* Prompt *
Each entry below should be restated word for word, without any picture it contains.

Records contained in a dataset:
:::::
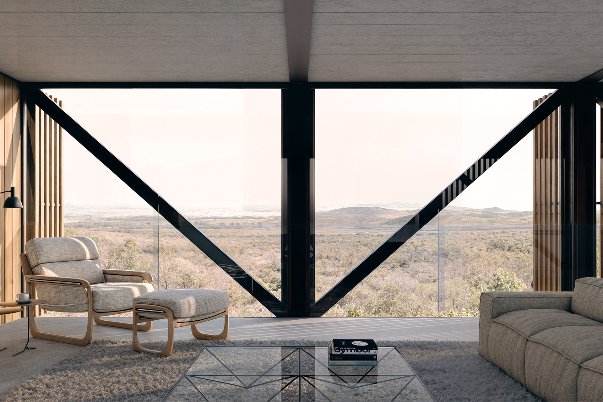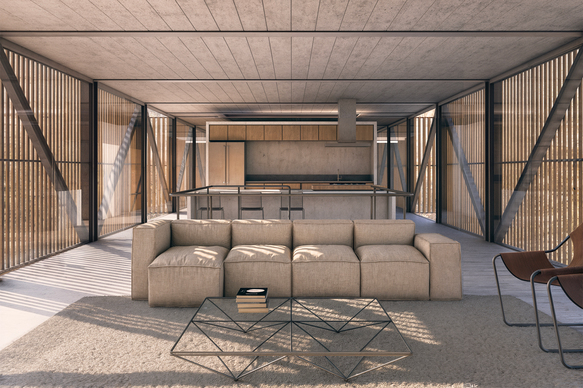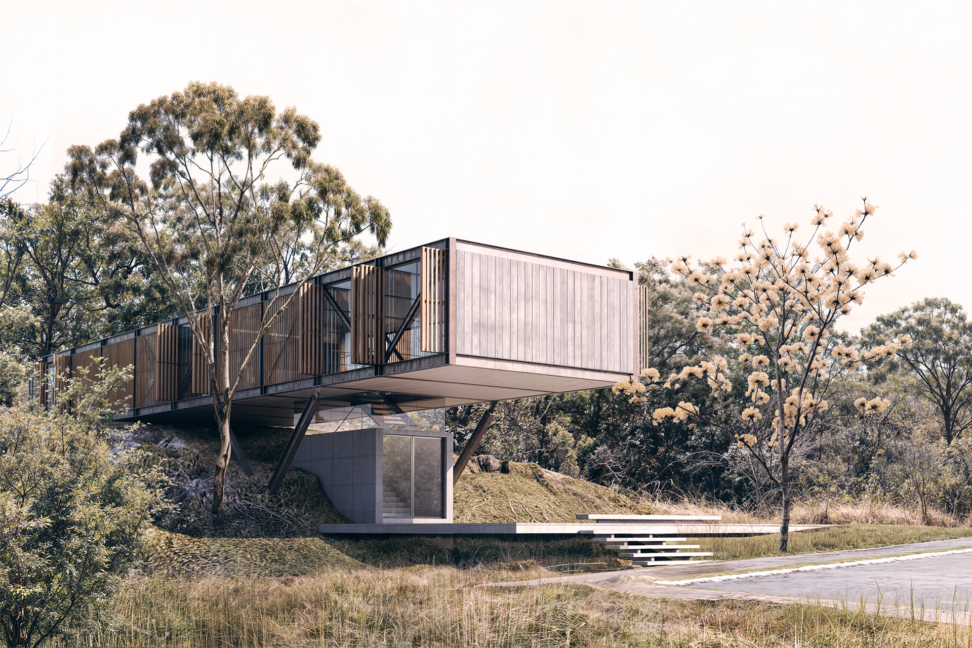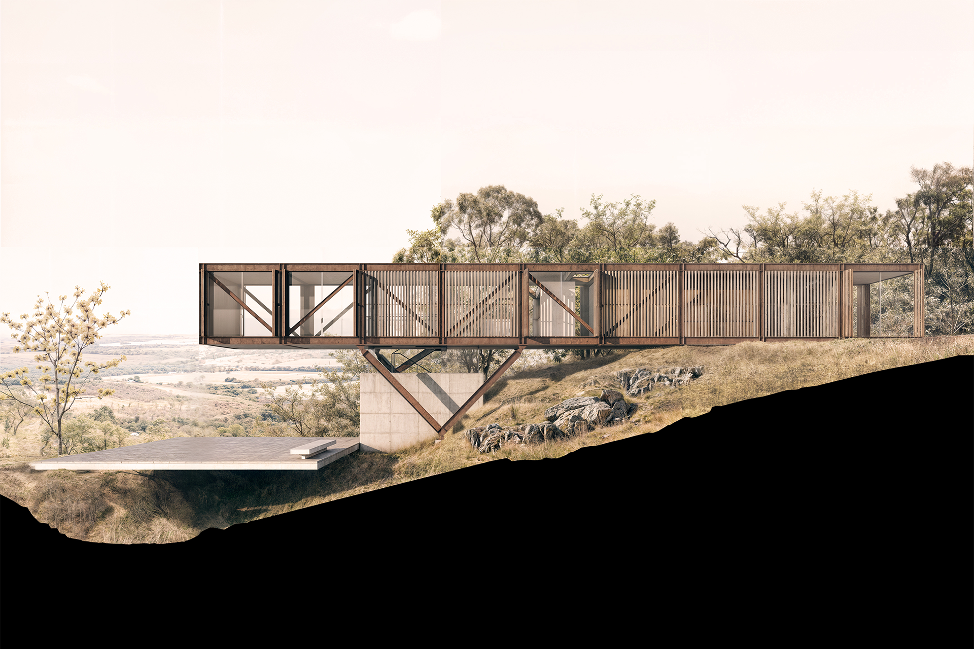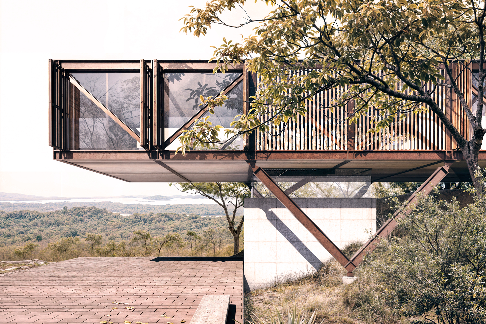 A estrutura da casa é composta por um par de treliças metálicas de 3,25m de altura apoiadas, no lado mais elevado, em dois pilares em “V” e, no lado mais próximo ao terreno, em pequenos pilares de concreto armado, como se pousado sobre a topografia. Ripas de madeira sombreiam a fachada e intermediam a relação interna e externa dos ambientes. A estrutura em aço cortén, junto com o amadeirado das ripas e armários, propõem um diálogo com o cerrado circundante, fazendo o projeto compor visualmente com o lote.
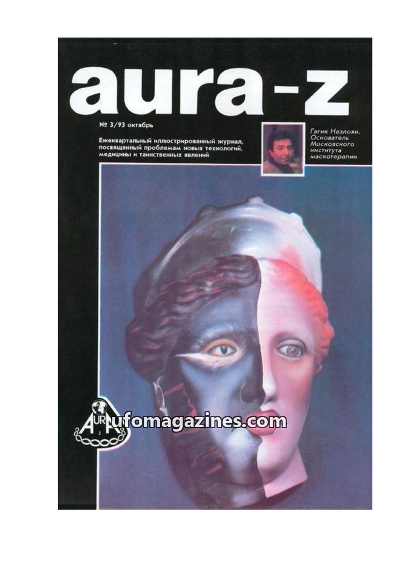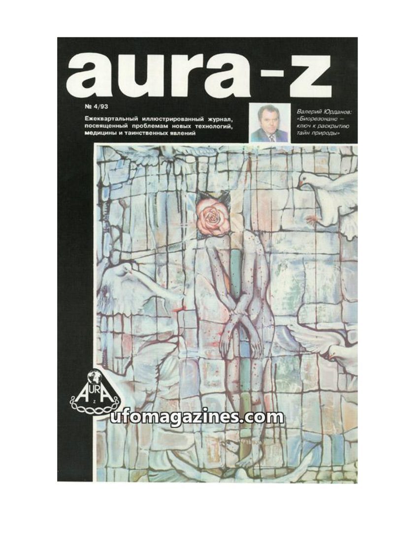 This issue of Aura-Z magazine, dated 4/93, delves into UFOlogy and mysterious phenomena. It features an interview with Valeriy Yordanov on bioresonance, highlights the art of Nikas
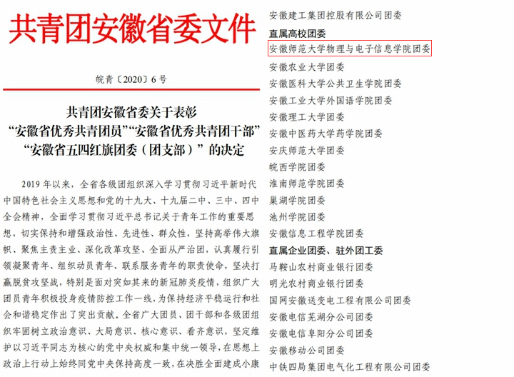 本网讯(院团委 宋凤楼)4月30日,共青团安徽省委发布《共青团安徽省委关于表彰 “安徽省优秀共青团员”“安徽省优秀共青团干部” “安徽省五四红旗团委(团支部)”的决定》(皖青〔2020〕6 号)。无翼鸟
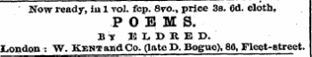 Now ready , iu 1 vol . fcp . 8 vo ., price 3 s . Od . cloth , POEMS . Sir JJLDRKD . London : W . Kent and Co . ( late P . Boguo ) , 80 , Fleet-street .
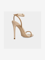 Sparkling rhinestone embellishment elevates this elegantly stilettoed dress shoe, giving new meaning to the term fancy footwork.
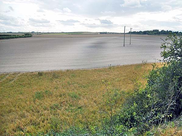 Photo by David Burrows from his Flickr photostream ![]() An August 2008 view from the top of the infilled bridge and looking towards Cambridge. Burwell station was behind the trees in the right background. The dark patch, or cropmark, curving away across the field marks the course of the railway which was in a shallow cutting. Exning Road Halt was in the grassed area towards the left of the image. Border Bridge was infilled c2000 as its condition had become a cause for concern and crash barriers now mark the site of its parapets. The overhead power lines are visible in other images but the pole which once stood on the up side of the railway has vanished. Contrary to popular belief, this area is not in the Fens which lie to the north. The ground here is on chalk while a mile or so to the east is the start of the heathlands for which the Newmarket area is well known.
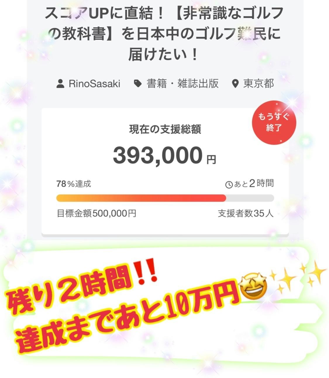 2025/04/20 08:00とうとう残り10日になりました!みなさまからのご支援、応援のお陰様で %まで到達出来ました☆本当にありがとうございます。とても勇気づけられています!現在はリターンを随時実施中です。このプロジェクトをより多くの方に見て頂き今までにない変わった切り口のゴルフの教科書が日本中に届くようにSNS拡散など、みなさまのお力を貸していただけませんでしょうか?頑張りますので、助けてください!ご協力をお願い致します。プロジェクト詳細はこちら↓https://camp-fire.jp/projects/805293/view もっと見る
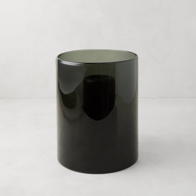 Add dramatic flair with the Small Grey Smoke Glass Hurricane. Handcrafted in Poland, this oversized, smoky grey glass vessel is hand-blown, giving each piece character.
:::::
* Answer below *
 A estrutura da casa é composta por um par de treliças metálicas de 3,25m de altura apoiadas, no lado mais elevado, em dois pilares em “V” e, no lado mais próximo ao terreno, em pequenos pilares de concreto armado, como se pousado sobre a topografia. Ripas de madeira sombreiam a fachada e intermediam a relação interna e externa dos ambientes. A estrutura em aço cortén, junto com o amadeirado das ripas e armários, propõem um diálogo com o cerrado circundante, fazendo o projeto compor visualmente com o lote.
 This issue of Aura-Z magazine, dated 4/93, delves into UFOlogy and mysterious phenomena. It features an interview with Valeriy Yordanov on bioresonance, highlights the art of Nikas
 本网讯(院团委 宋凤楼)4月30日,共青团安徽省委发布《共青团安徽省委关于表彰 “安徽省优秀共青团员”“安徽省优秀共青团干部” “安徽省五四红旗团委(团支部)”的决定》(皖青〔2020〕6 号)。无翼鸟
 Now ready , iu 1 vol . fcp . 8 vo ., price 3 s . Od . cloth , POEMS . Sir JJLDRKD . London : W . Kent and Co . ( late P . Boguo ) , 80 , Fleet-street .
 Sparkling rhinestone embellishment elevates this elegantly stilettoed dress shoe, giving new meaning to the term fancy footwork.
 Photo by David Burrows from his Flickr photostream ![]() An August 2008 view from the top of the infilled bridge and looking towards Cambridge. Burwell station was behind the trees in the right background. The dark patch, or cropmark, curving away across the field marks the course of the railway which was in a shallow cutting. Exning Road Halt was in the grassed area towards the left of the image. Border Bridge was infilled c2000 as its condition had become a cause for concern and crash barriers now mark the site of its parapets. The overhead power lines are visible in other images but the pole which once stood on the up side of the railway has vanished. Contrary to popular belief, this area is not in the Fens which lie to the north. The ground here is on chalk while a mile or so to the east is the start of the heathlands for which the Newmarket area is well known.
 2025/04/20 08:00とうとう残り10日になりました!みなさまからのご支援、応援のお陰様で %まで到達出来ました☆本当にありがとうございます。とても勇気づけられています!現在はリターンを随時実施中です。このプロジェクトをより多くの方に見て頂き今までにない変わった切り口のゴルフの教科書が日本中に届くようにSNS拡散など、みなさまのお力を貸していただけませんでしょうか?頑張りますので、助けてください!ご協力をお願い致します。プロジェクト詳細はこちら↓https://camp-fire.jp/projects/805293/view もっと見る
 Add dramatic flair with the Small Grey Smoke Glass Hurricane. Handcrafted in Poland, this oversized, smoky grey glass vessel is hand-blown, giving each piece character.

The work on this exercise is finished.